▶ **PROBLEM STATEMENT**
Once the line with "frayed organza trim." is found in the entries below, repeat it and each following line exactly, up to and including the line with "Koszula w rozmiarze". Add no other lines.

▶ **RECORD EXTRACTS**

↓↓↓

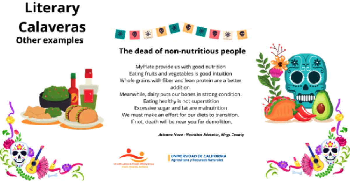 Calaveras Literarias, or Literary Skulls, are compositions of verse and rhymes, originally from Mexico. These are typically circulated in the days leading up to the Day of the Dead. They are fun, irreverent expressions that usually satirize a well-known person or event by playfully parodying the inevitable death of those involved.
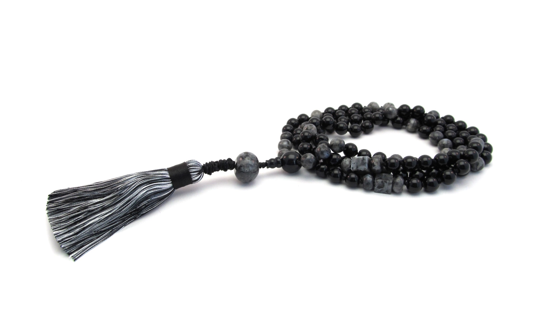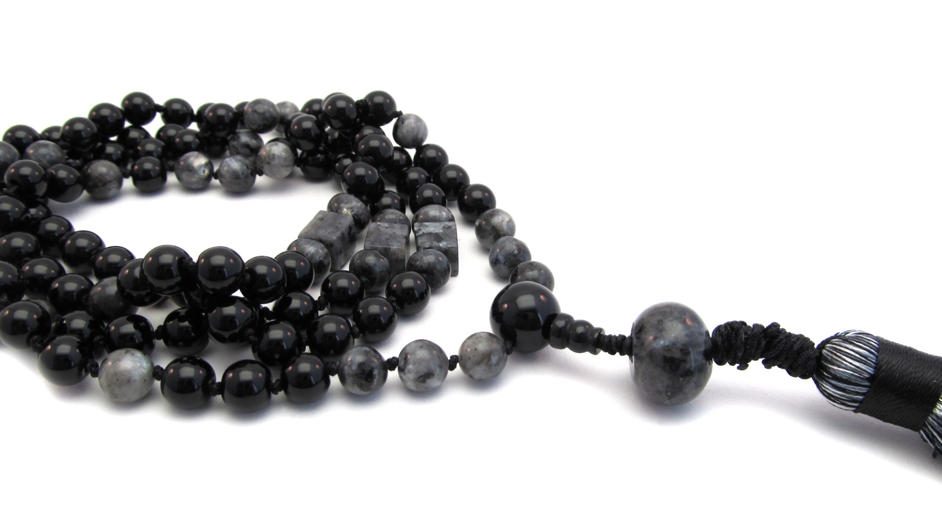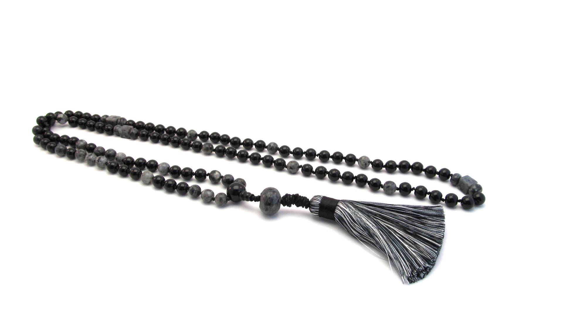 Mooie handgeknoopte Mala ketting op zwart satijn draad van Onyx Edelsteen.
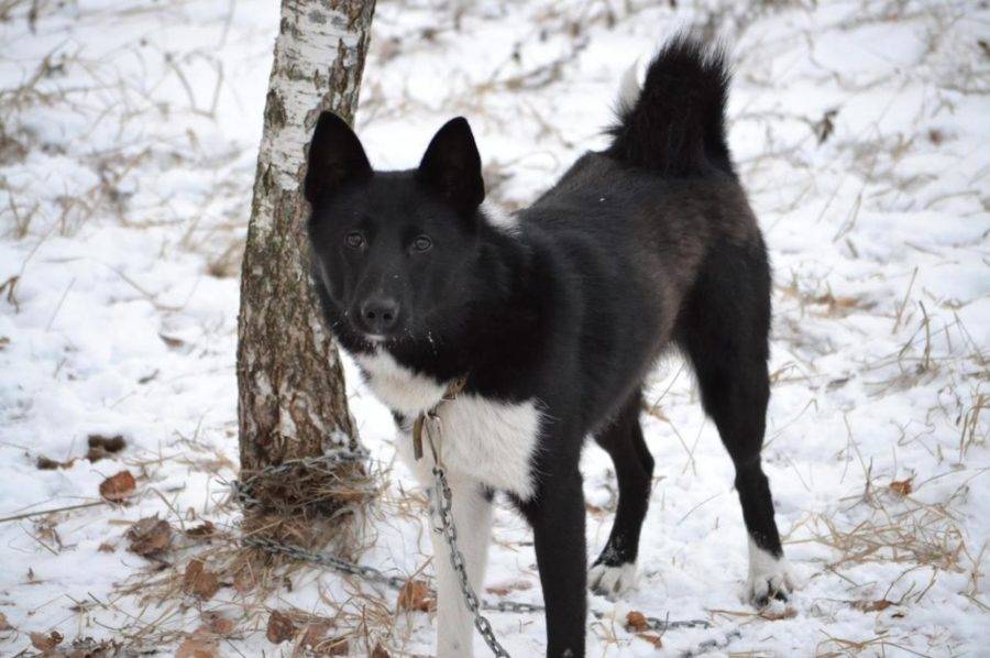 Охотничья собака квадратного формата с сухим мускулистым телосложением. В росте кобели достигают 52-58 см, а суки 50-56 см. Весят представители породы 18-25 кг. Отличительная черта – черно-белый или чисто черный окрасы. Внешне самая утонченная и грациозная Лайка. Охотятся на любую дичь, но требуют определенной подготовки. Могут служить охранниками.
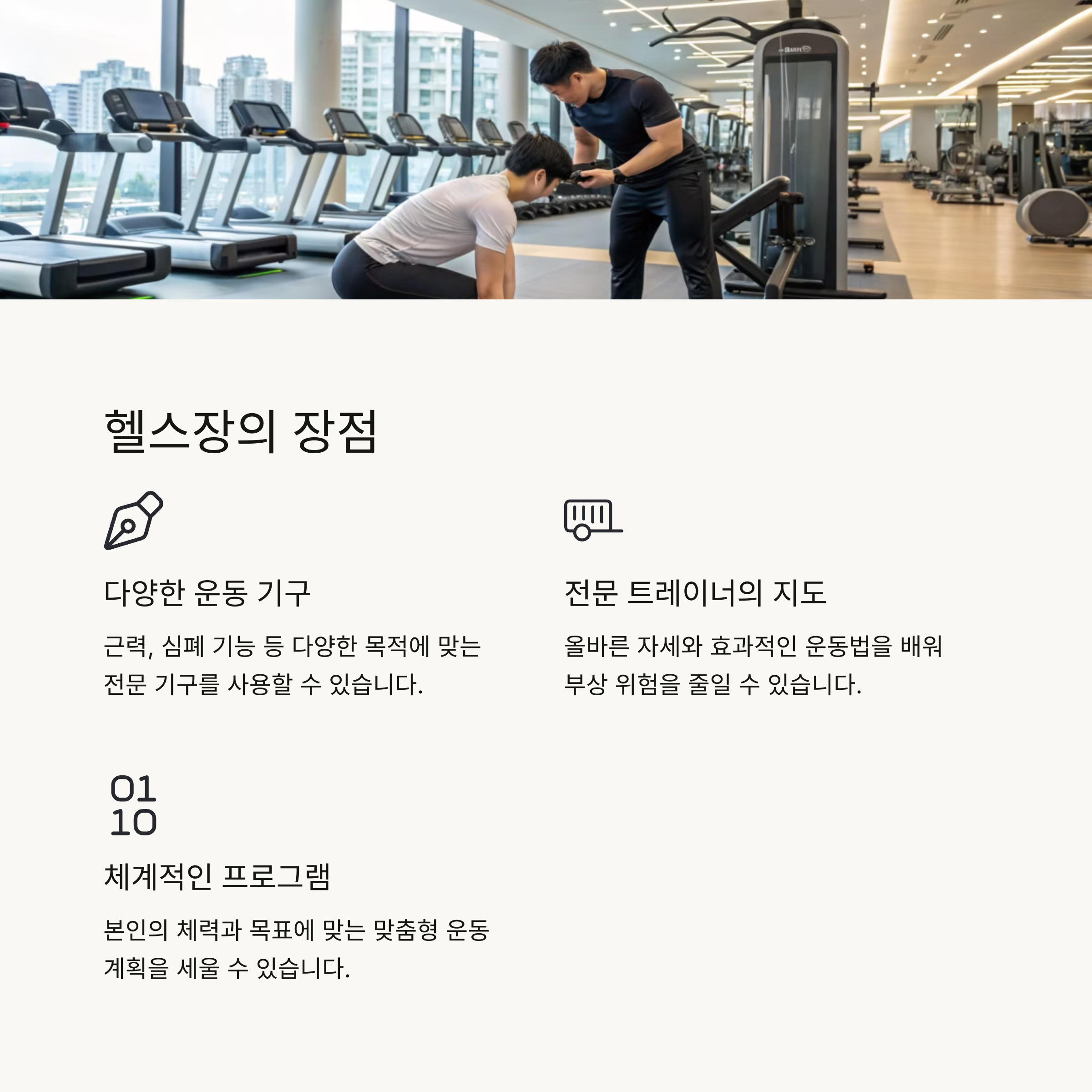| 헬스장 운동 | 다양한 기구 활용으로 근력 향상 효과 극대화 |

↑↑↑
↓↓↓

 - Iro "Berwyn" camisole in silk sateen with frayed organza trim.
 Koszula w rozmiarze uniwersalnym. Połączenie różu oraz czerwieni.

↑↑↑
↓↓↓

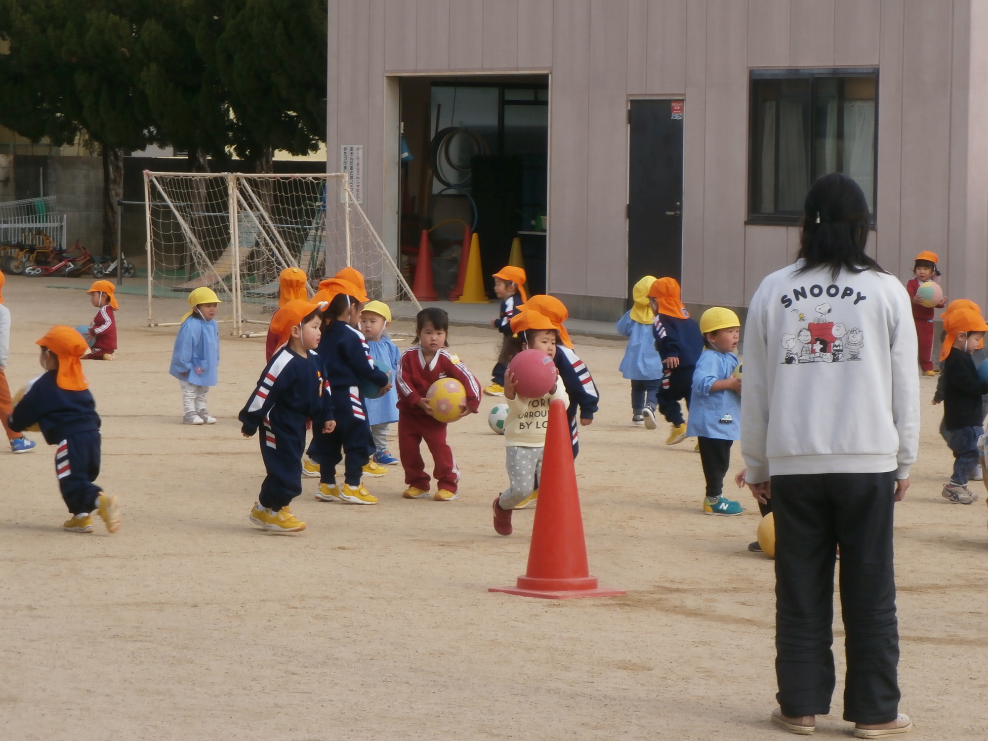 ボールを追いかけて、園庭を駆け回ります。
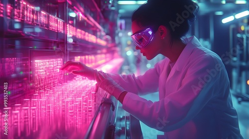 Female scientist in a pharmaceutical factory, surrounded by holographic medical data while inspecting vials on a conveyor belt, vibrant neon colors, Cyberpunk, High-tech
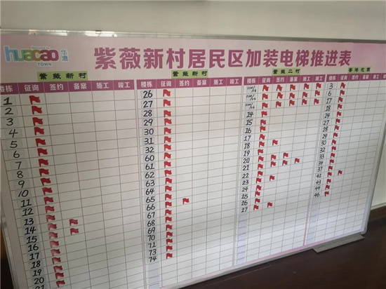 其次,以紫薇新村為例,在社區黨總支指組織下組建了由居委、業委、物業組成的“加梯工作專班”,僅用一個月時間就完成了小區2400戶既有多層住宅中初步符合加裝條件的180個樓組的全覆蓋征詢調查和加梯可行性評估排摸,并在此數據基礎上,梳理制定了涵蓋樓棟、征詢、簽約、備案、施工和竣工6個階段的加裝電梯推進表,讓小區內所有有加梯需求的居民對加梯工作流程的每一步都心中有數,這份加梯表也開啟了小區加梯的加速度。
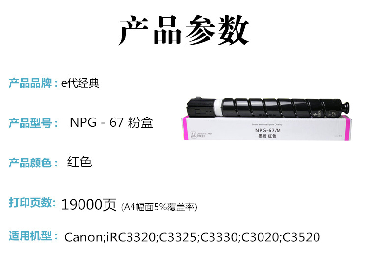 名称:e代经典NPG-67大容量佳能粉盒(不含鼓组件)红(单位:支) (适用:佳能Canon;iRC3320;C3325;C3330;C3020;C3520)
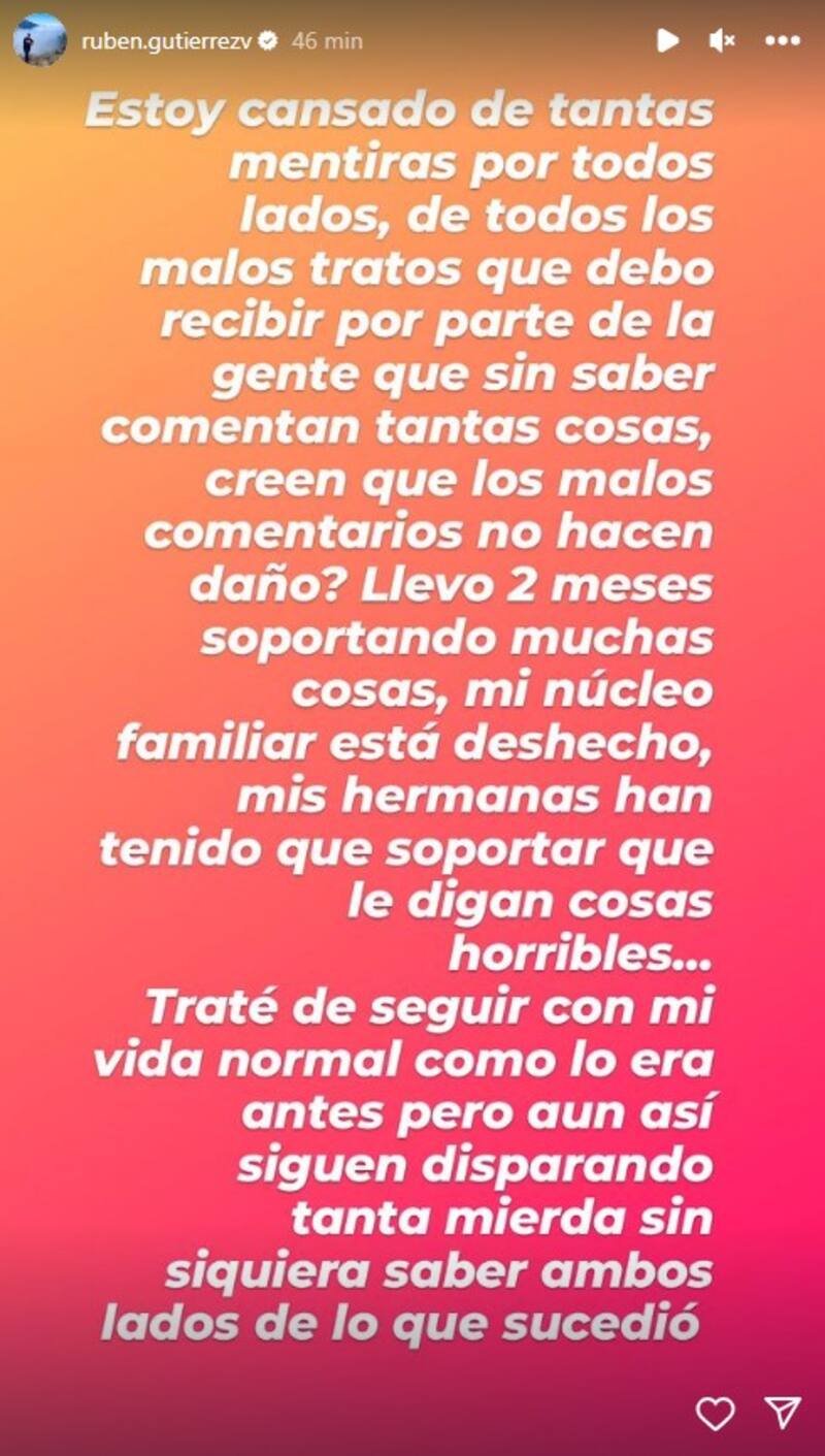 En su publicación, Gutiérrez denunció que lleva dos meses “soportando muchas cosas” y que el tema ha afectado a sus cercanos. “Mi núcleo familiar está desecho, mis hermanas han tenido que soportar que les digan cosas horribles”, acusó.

↑↑↑

▶ **OUTPUT FOR THIS TASK**
 - Iro "Berwyn" camisole in silk sateen with frayed organza trim.
 Koszula w rozmiarze uniwersalnym. Połączenie różu oraz czerwieni.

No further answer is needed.